Ukraine invasion: Russian troops forced out of eastern town Lyman, Vladimir Putin ally suggests nuclear response

Russia said on Saturday (local time) its troops had abandoned a key bastion in occupied eastern Ukraine, a stinging defeat that prompted one of President Vladimir Putin's most hawkish allies to call for Russia to consider resorting to low-grade nuclear weapons.

The fall of Lyman came just a day after Putin proclaimed the annexation of four Ukrainian regions - including Donetsk, where Lyman is located - and placed them under Russia's nuclear umbrella, at a ceremony that was condemned by Kyiv and the West as an illegitimate farce.

"In connection with the creation of a threat of encirclement, allied troops were withdrawn from the settlement of Krasny Liman to more advantageous lines," Russia's defence ministry said, using the Russian name of the town.
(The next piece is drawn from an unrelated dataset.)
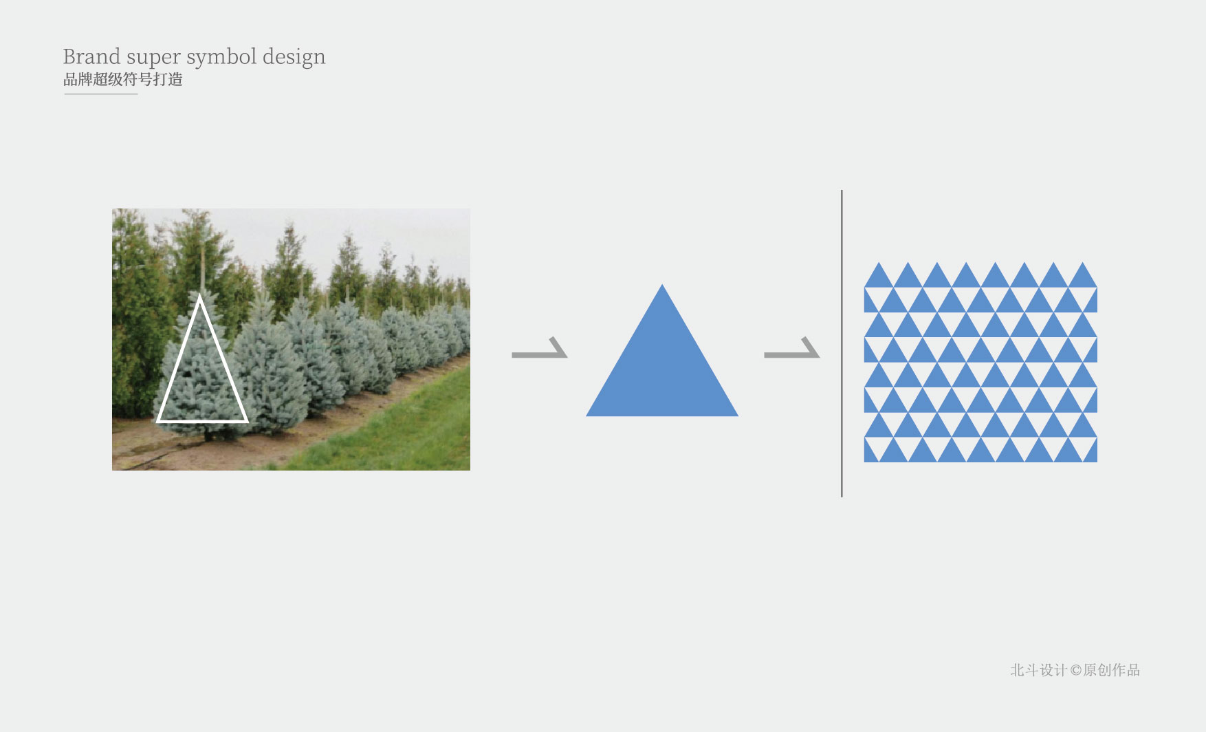 首先我們需要挖掘出藍(lán)杉的品牌符號(hào),作為統(tǒng)一藍(lán)杉品牌旗下所有產(chǎn)品對(duì)外傳播的認(rèn)知符號(hào)。藍(lán)杉取名來源于一種“藍(lán)杉樹”,這種樹形態(tài)如金字塔,喜歡較為涼爽的氣候,對(duì)光照的要求較高。取此名是期望品牌如藍(lán)杉樹一樣,帶給用戶天然的健康環(huán)境。為了更貼合品牌的關(guān)聯(lián)度,我們將提取了“藍(lán)杉樹”的造型作為品牌關(guān)聯(lián)的記憶符號(hào),同時(shí)將這個(gè)符號(hào)運(yùn)用于所有傳播載體上,通過符號(hào)的關(guān)聯(lián)加強(qiáng)品牌及產(chǎn)品的認(rèn)知記憶。

The statement ended hours of official silence from Moscow after Ukraine first said it had surrounded thousands of Russian troops in the area and then that its forces were inside the town of Lyman.

Ramzan Kadyrov, the leader of the southern Chechnya region who describes himself as a footsoldier of Putin, said he felt he had to speak out after the loss of the territory.

"In my personal opinion, more drastic measures should be taken, right up to the declaration of martial law in the border areas and the use of low-yield nuclear weapons," Kadyrov wrote on Telegram.

Other top Putin allies, including former president Dmitry Medvedev, have suggested Russia may need to resort to nuclear weapons, but Kadyrov's call was the most urgent and explicit.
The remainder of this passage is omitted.